The Foundling relies on possessing shells of past soldiers to get through the game. Its white, faceless body is weak and brittle. Luckily, it can take over empty shells scattered throughout the land and adopt their strengths and combat style. Hence the name “Mortal Shell“.
There are only a handful of shells but they offer gameplay variety. Each shell takes some time to master and includes their own skill tree to level up as you play Mortal Shell. Just like other games in the genre, Mortal Shell includes a similar XP system. I earned it from killing enemies and lost it when dying twice and failing to recapture my corpse.
Unlike other games in the genre, Mortal Shell’s combat and gameplay variety revolves around these shells and a handful of weapons. This means I could not spend time building a specific character and playstyle as I did in Dark Souls. However, there are perks to this. I was able to focus on combat, mastering the items and exploring the world. Sure, I missed the equipment, worrying about stats and the grind for better gear but it works.

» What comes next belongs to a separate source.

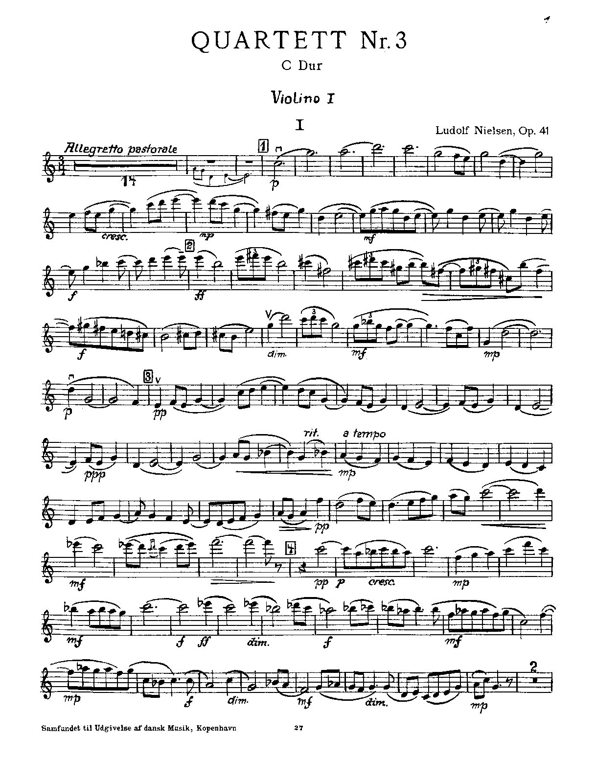 Strygekvartet, nr. 3, C dur, for 2 violiner, viola og violoncel = Streichquartett, Nr. 3, C dur, für 2 Violinen, Viola u. Violoncell
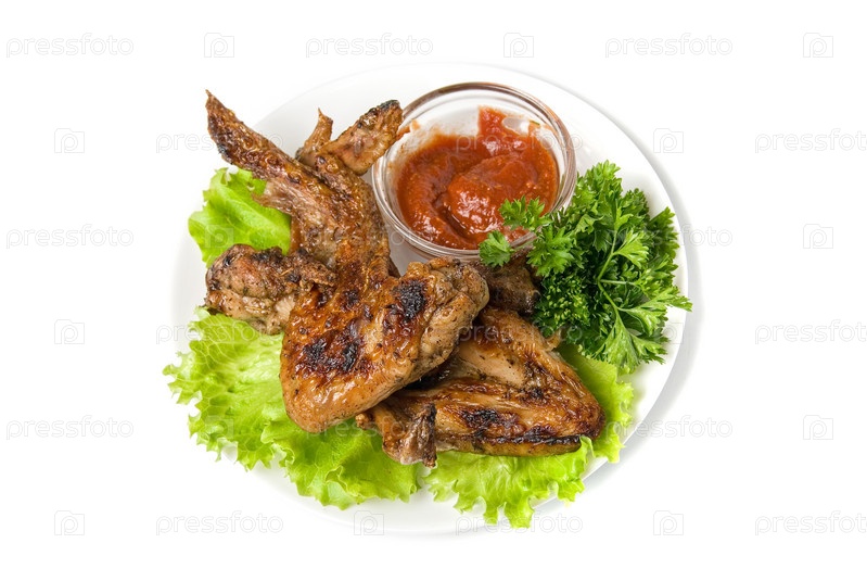 Жареные куриные крылышки с соусом и зеленью

Combat in Mortal Shell is familiar with a few subtle changes. I could perform a fast and heavy attack as well as a parry. However, when it came to blocking, the game includes a unique “harden” ability. This turned me into stone for a few second and blocked any incoming attack that came my way. In addition, it also stunned my opponent for a second allowing me to strike back. This hardening feature is key to survival. I could upgrade its cooldown and unlock perks that automatically refilled it when I defeated a specific amount of enemies.
In addition to the hardening, the parry system is just as great. A perfectly-timed parry let me counterattack an enemy in style dealing massive damage. It also grants health back which comes in handy during combat. Using the hardening which is a defensive skill and the parry which is offensive provided some great combat variety in-between the usual heavy and light slashes. Of course, there is also a variety of combinations to perform depending on the weapon. Two light attacks and a heavy saw my character flip his sword and clap the enemy with the hilt. These moves are stylish and pretty effective. Combat changes as you defeat harder enemies and gain their weapons. The combination of the harden, parry and the combos all create fantastic and addictive gameplay.

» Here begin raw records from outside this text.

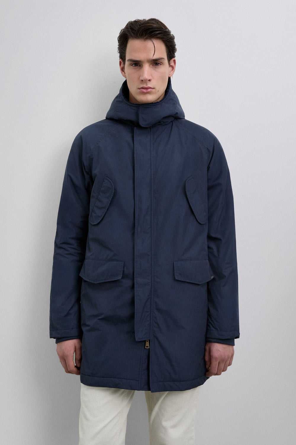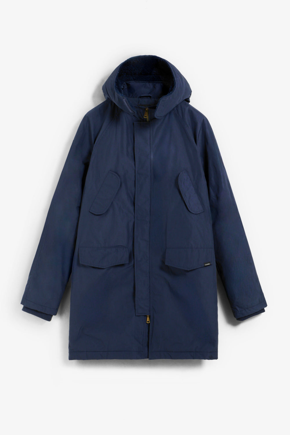 Waterproof parka with hood. Front zip fastening. Long sleeves. Padded garment with quilting. Four front pockets, two slanted flap pockets and two straight lower pockets. Thermolite filling. Fleece detail on the hood. Velcro neck fastening. Rubber logo patch detail on the pocket and skull print on the sleeve.
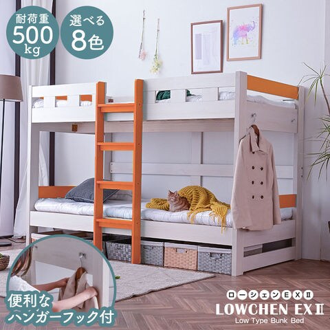 二段ベッド 2段ベッド 耐荷重500kg ロータイプ 2段ベット 大人用 子供 コンパクト ローシェンEX2 本体のみ / ホワイト×グリーン / -ART
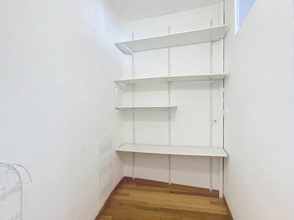 Il se compose d’un hall d’entrée, d’un séjour exposé Est, de deux chambres, d’une grande cuisine indépendante équipée (plaques de cuisson, hotte et four) avec accès à une loggia couverte, ainsi que d’une véritable pièce dédiée au rangement attenante à la cuisine, et d’une salle de bains avec WC.
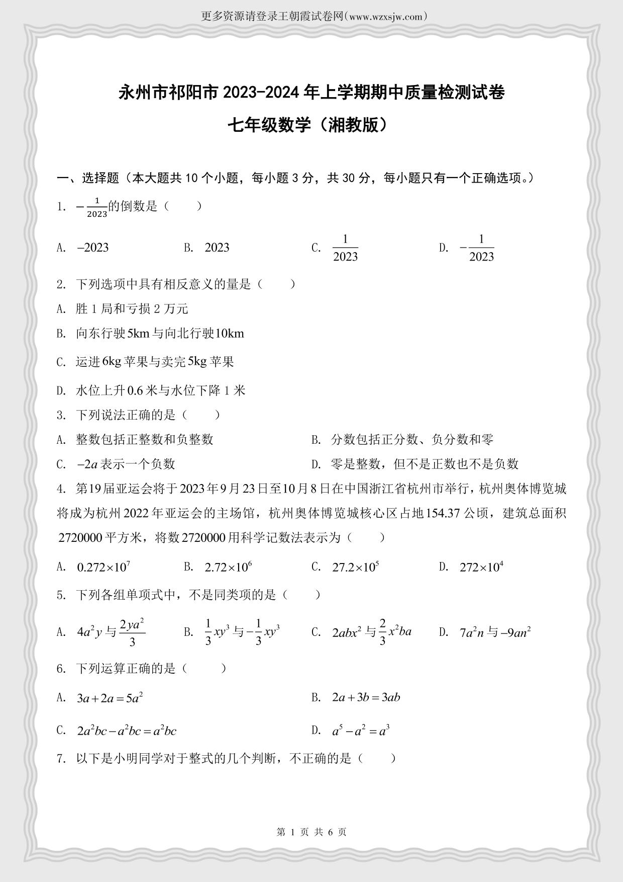 湖南省永州市祁阳市2023-2024学年上学期期中质量检测试卷七年级数学(湘教版)

Things get tougher as the game progresses with more reliance on the hardening ability coming into focus more and more. It adds a sort of strategic approach to the game, especially in boss fights. However, some of these fights are long-drawn-out battles due to this. Often, I would circle a room with a boss for at least twenty minutes while parrying and hardening to beat it. These fights are just not fun and kind of felt cheesed. Outside of the boss fights, the hardening technique definitely felt a lot better and well-implemented.
With that being said, these two abilities also help bring the game’s overall difficulty down. There’s always something to fall back on when the going gets tough. In a panic, you can always harden and hope for the best. In addition, there’s almost always a party to perform too. Sure, you may not always trigger a counter-attack but it is better than dying. Speaking of which, even this death mechanic is pretty cool. When you are dealt your final blow, your Foundling gets knocked out of your shell and you are able to run around and jump back into the shell to avoid death. However, the next fatal blow does kill you instantly.
Mortal Shell’s gear system is simple. As I mentioned before, don’t expect to go and build a character with a vast equipment bag and perks. Instead, the shell is your gear and your weapon is your abilities. Different weapons have slower attack speeds and higher damage. The Smoldering Mace, for example, is slow and deals less damage but has a crazy reach. I often just stuck to my starter sword as I felt it was just great all-around.
When it comes to items, Mortal Shell is also simple. There’s a lot to love here and a lot of familiarity between other Souls-like games. You heal eating items, can teleport back to a safe spot using another item and refill your parry resolve using another. The more I used an item, the more familiarity I unlocked. After reaching a set of familiarity, the items provided an improved effect. For example, healing over time healed more and faster too. This forced me to use them more often. Some items even started with a negative effect such as poisoning me. However, after maxing it out, I gained a poison resistance. Every item had a great payoff which greatly added to the game’s loot system.
Mortal Shell also puts a large emphasis exploration. I spent most of my time exploring the world and visiting the various dungeons the game has on offer. Every location is littered with secrets, enemies and even tough side bosses to slay. Thankfully, the exploration is rewarding too, If it’s not new items to gain familiarity with, I stumbled across new weapons and lore. Of course, there’s also the XP and “glimpses” I required to level up and unlock new abilities. These are far and few between.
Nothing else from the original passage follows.